There are no quantitative dose-response data available for local short- and long-term effects on skin and respiratory tract of Sodium Methylparaben. The most sensitive local effects observed are skin irritation and eye corrosion.

 

The long-term DNEL for the general population for dermal systemic effects is based on a subacute repeated dose oral toxicity study in rats performed according to OECD 407 and GLP (Beerens-Heijnen, 2009). In this study, no spontaneous mortality occurred during the study period and no effects on body weight, body weight gain and food consumption were observed. However, one male and one female at 1000 mg/kg bw/d were killed in extremis, showing several clinical signs (lethargy, hunched posture, laboured respiration and rales, swelling of the abdomen, piloerection, diarrhoea, salivation, ptosis, hypothermia, dehydration and lean appearance).

The histopathologic examination of both animals sacrificed revealed minimal/slight erosions in the forestomach, correlating to the irregular surface recorded at necropsy, slight red pulp atrophy of the spleen and slight/moderate lymphoid atrophy of the thymus, correlating to the reduced thymus size recorded at necropsy.

Based on the results of this study, the NOAEL for Methylparaben was considered to be 250 mg/kg bw/d.

There is no dermal repeated dose toxicity study available. The subacute repeated dose oral toxicity study was chosen as the starting point for deriving the DNEL since the study represents the most sensitive NOAEL among the valid studies. To convert the oral NOAEL [mg/kg bw/d] into a dermal NOAEL [mg/kg bw/d], the differences in absorption between routes, the differences in duration of exposure as well as differences in dermal absorption between rats and humans have to be accounted for (Guidance on information requirements and chemical safety assessment. Chapter R.8: Characterisation of dose [concentration]-response for human health, ECHA, Version 2.1, November 2012).

Data on dermal absorption of Methylparaben show that the dermal absorption of Methylparaben lies at 84.7% in human skin (Fasano, 2004).

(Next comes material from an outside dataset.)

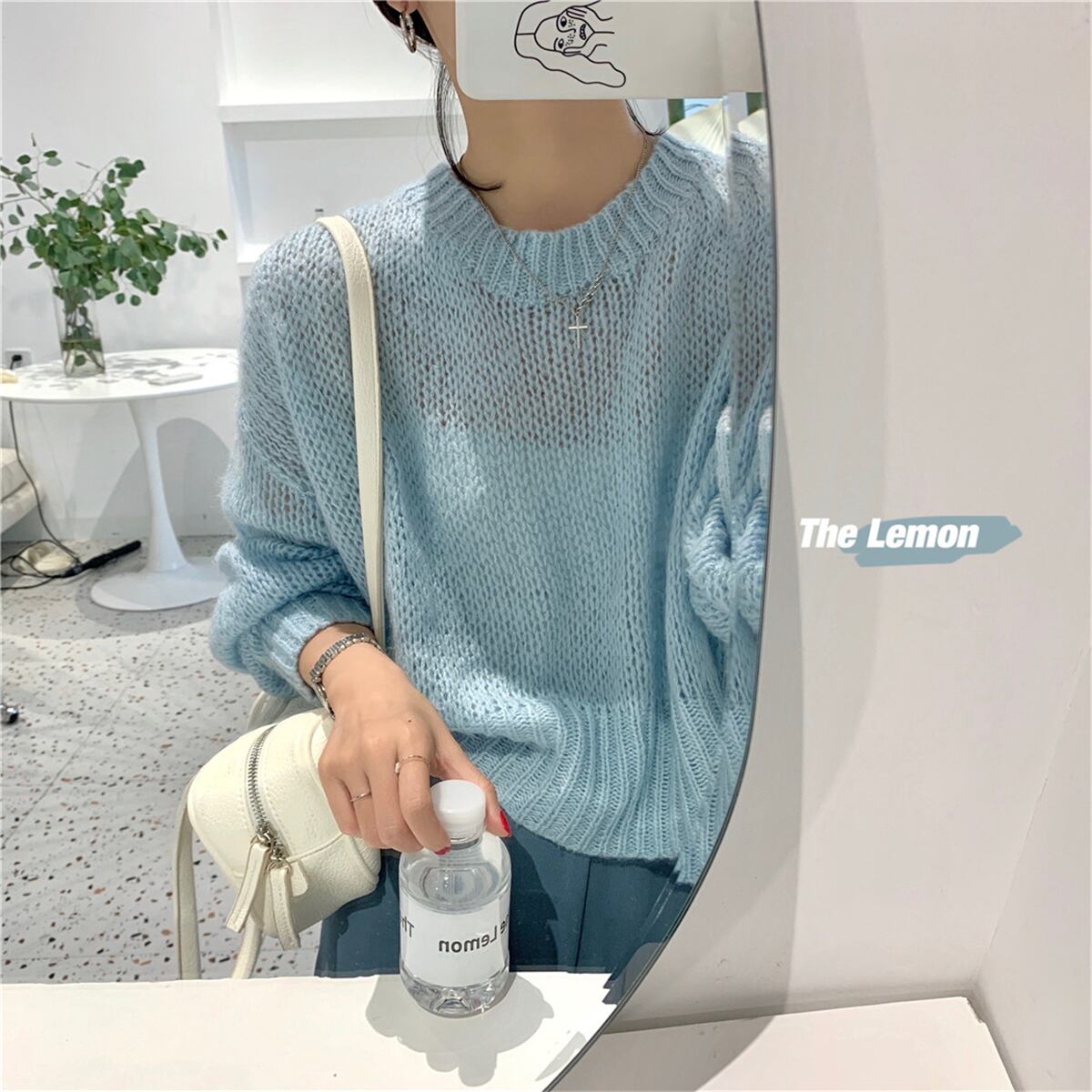 トップス ニット レディース 送料無料 5色 長袖 クルーネック ローゲージ メッシュ 透け感 シアー シースルー オーバーサイズ ビッグシルエット カジュアル ルーズシルエット ペールトーン パステルカラー 楽チン 体型カバー 足長 水色 オレンジ ホワイト ブラック 10代 20代 デート 通学 おしゃかわ アクティブ ゆるかわ 送料無料

A QSAR calculation regarding the dermal absorption of Sodium Methylparaben resulted in ca. 80% dermal absorption.

 

The long-term DNEL for the general population for inhalation systemic effects is again based on the subacute repeated dose oral toxicity study in rats performed according to OECD 407 and GLP (Beerens-Heijnen, 2009). This study was chosen as the starting point for deriving the DNEL since there is no inhalation repeated dose toxicity study and due to the fact that this study represented the most sensitive NOAEL among the valid studies. According to the “Guidance on information requirements and chemical safety assessment. Chapter R.8: Characterisation of dose [concentration]-response for human health” (ECHA, Version 2.1, November 2012), the oral NOAEL has to be converted into an inhalatory NAEC: the oral dose for the rat is converted to the corresponding air concentration using a standard breathing volume for the rat (1.15 m³/kg for 24 h exposure). Considering these differences, the corrected starting point is a NAEC of 217.4 mg/m³. The absorption via the inhalative route is considered to be in the same order as via the oral route.

 

The long-term DNEL for the general population for oral systemic effects is directly derived from the subacute repeated dose oral toxicity study in rats performed according to OECD 407 and GLP (Beerens-Heijnen, 2009). Since this study represented the most sensitive NOAEL among the valid studies, it was chosen as the starting point for deriving the DNEL.